Restate each of the lines below word for word and drop every picture.

Source material:

========================

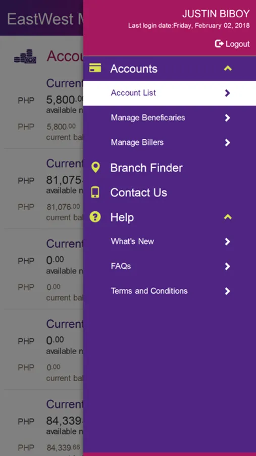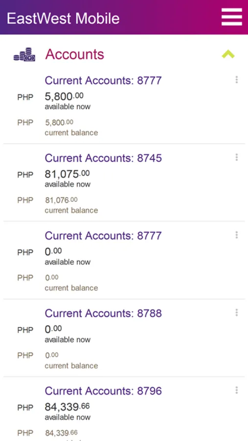 EastWest Mobile is a banking app designed for customers enrolled in EastWest Online Banking, so they can conveniently access their accounts - whether Savings, Checking, or Credit Cards - on mobile devices.
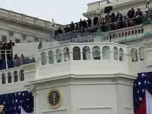 At the conclusion of his inaugural address, Obama walked back into the Capitol building, then turned for a moment to look out at the National Mall, filled with hundreds of thousands of flag-waving Americans. He said to those close to him: "I want to take a look one more time. I'm not going to see this again."[45] Shortly afterward, he signed the Capitol's guest book.
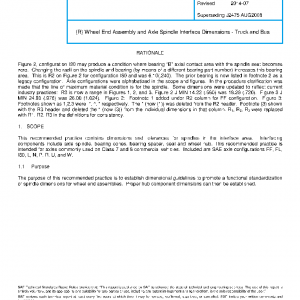 This recommended practice contains dimensions and tolerances for spindles in the interface area. Interfacing components include axle spindle, bearing cones, bearing spacer, seal and wheel hub. This recommended practice is intended for axles commonly used on Class 7 and 8 commercial vehicles. Included are SAE axle configurations FF, FL, I80, L, N, P, R, U, and W.

========================

Written answer:
 EastWest Mobile is a banking app designed for customers enrolled in EastWest Online Banking, so they can conveniently access their accounts - whether Savings, Checking, or Credit Cards - on mobile devices.
 At the conclusion of his inaugural address, Obama walked back into the Capitol building, then turned for a moment to look out at the National Mall, filled with hundreds of thousands of flag-waving Americans. He said to those close to him: "I want to take a look one more time. I'm not going to see this again."[45] Shortly afterward, he signed the Capitol's guest book.
 This recommended practice contains dimensions and tolerances for spindles in the interface area. Interfacing components include axle spindle, bearing cones, bearing spacer, seal and wheel hub. This recommended practice is intended for axles commonly used on Class 7 and 8 commercial vehicles. Included are SAE axle configurations FF, FL, I80, L, N, P, R, U, and W.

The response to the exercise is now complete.